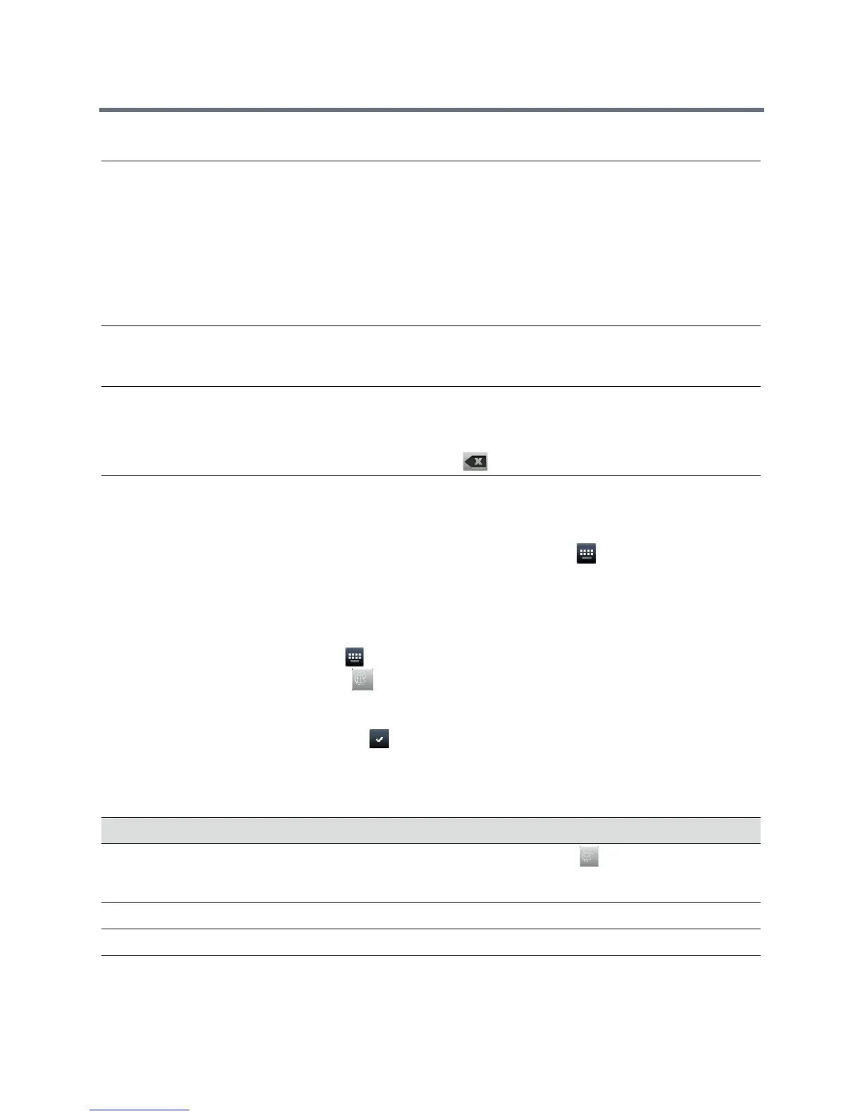 The following table describes how to enter information using the onscreen keyboard.
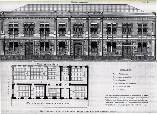 Il preventivo di spesa ammonta a L. 27.000, di cui L. 1 1.200 per la facciata principale, la scala, la ritirata e la sistemazione delle prime quattro aule e L. 15.800 pei prospetti sulle vie Corso e Monastero, le tre aule supplementari ed il corridoio centrale.
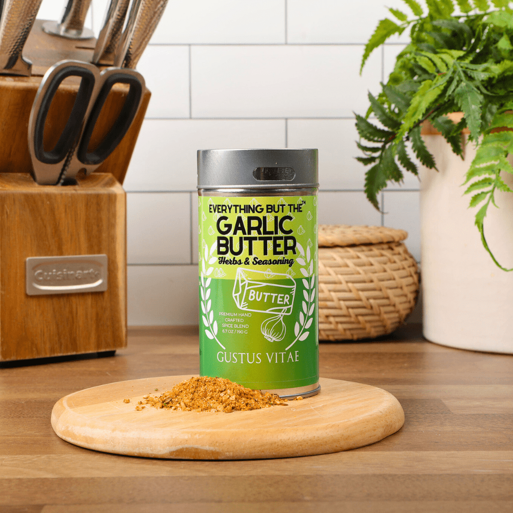 Everything But The Garlic Butter Herbs & Seasoning is your secret weapon for effortlessly adding rich, savory depth to any dish. This ultra-premium, gourmet, hand-made, small-batch blend is crafted with only the best in all-natural, non-GMO ingredients, delivering the indulgent taste of garlic butter without the hassle.
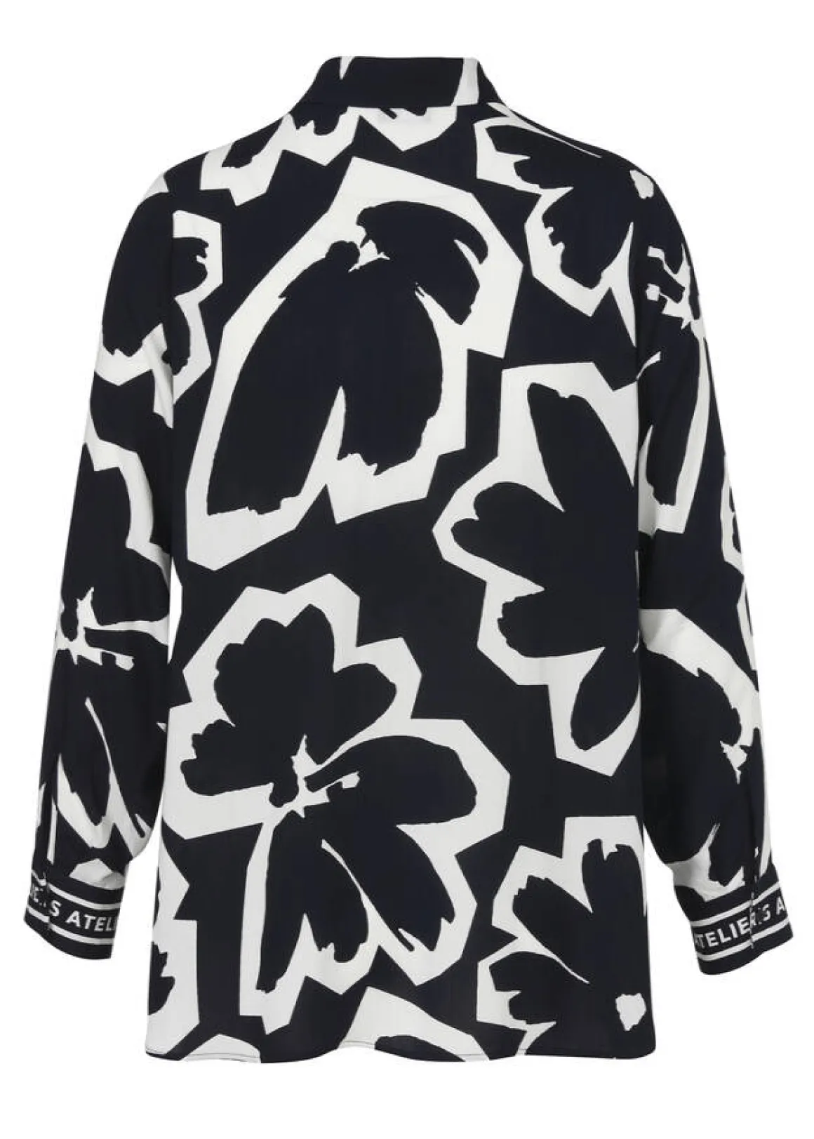 Chice Hemdbluse aus fließender Viskose mit floralem Allover-Print un dunklem Marineblau auf naturweißem Grund.

### What you need to do
Leaving out the pictures, output the listing above exactly as given.

### Reply to the task
 The following table describes how to enter information using the onscreen keyboard.
 Il preventivo di spesa ammonta a L. 27.000, di cui L. 1 1.200 per la facciata principale, la scala, la ritirata e la sistemazione delle prime quattro aule e L. 15.800 pei prospetti sulle vie Corso e Monastero, le tre aule supplementari ed il corridoio centrale.
 Everything But The Garlic Butter Herbs & Seasoning is your secret weapon for effortlessly adding rich, savory depth to any dish. This ultra-premium, gourmet, hand-made, small-batch blend is crafted with only the best in all-natural, non-GMO ingredients, delivering the indulgent taste of garlic butter without the hassle.
 Chice Hemdbluse aus fließender Viskose mit floralem Allover-Print un dunklem Marineblau auf naturweißem Grund.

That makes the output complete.